2. Are you suing the proper party defendant?
3. Do you have the defendant’s proper legal name(s) and address(es)?
4. Did you fill out a complete statement of why you are suing? Include amount of money you seek to recover, date and locations related to your claim.
5. Did you include copies of written evidence with your Statement of Claim and Citation?
6. Did you state a complete name, address, phone number and signature?
7. Did you familiarize yourself with this guide?
1. Do you want to contact an attorney?
2. Do you wish to transfer the case to the regular docket? Must file request within 10 days.

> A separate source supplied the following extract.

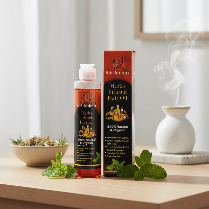 Alif Ahlam Pure Herbs Hair Oil is a natural care formula crafted with a blend of carefully selected herbs to support overall hair wellness. This nourishing oil helps strengthen hair roots, improve scalp health, and restore natural softness and shine. Regular use supports hair vitality, reduces dryness, and improves manageability without leaving a heavy or greasy feel. Suitable for all hair types, this herbal oil is ideal for daily or weekly hair care routines, promoting healthier, smoother, and more vibrant hair.Key FeaturesMade With Pure Herbal IngredientsNourishes Scalp And Strengthens Hair RootsPromotes Hair Vitality And WellnessHelps Improve Softness And Natural ShineSupports Healthy, Manageable HairNon-Sticky And Easy-To-Apply FormulaSuitable For All Hair TypesMade in China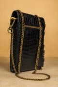 Stay stylish and organized with this luxury women’s crossbody mobile bag. Designed with a black crocodile-textured finish and an elegant gold-tone chain strap, this bag is the perfect blend of fashion and functionality.

3. Do you wish to contest claim? Must file written answer within ten (10) days or anytime prior to a default judgment being signed. In your answer, consider:
Is this the proper court?
Has debt been discharged in bankruptcy?
Was there negligence on part of the plaintiff?
Has there been a compromise or payment?
Was there fraud, illegality, error, or mistake present?
Is the plaintiff seeking excessive damages?
4. Do you wish to “counterclaim” against the plaintiff?
The appropriate statutes range from Title 13 Section 5200 – Title 13 Section 5213.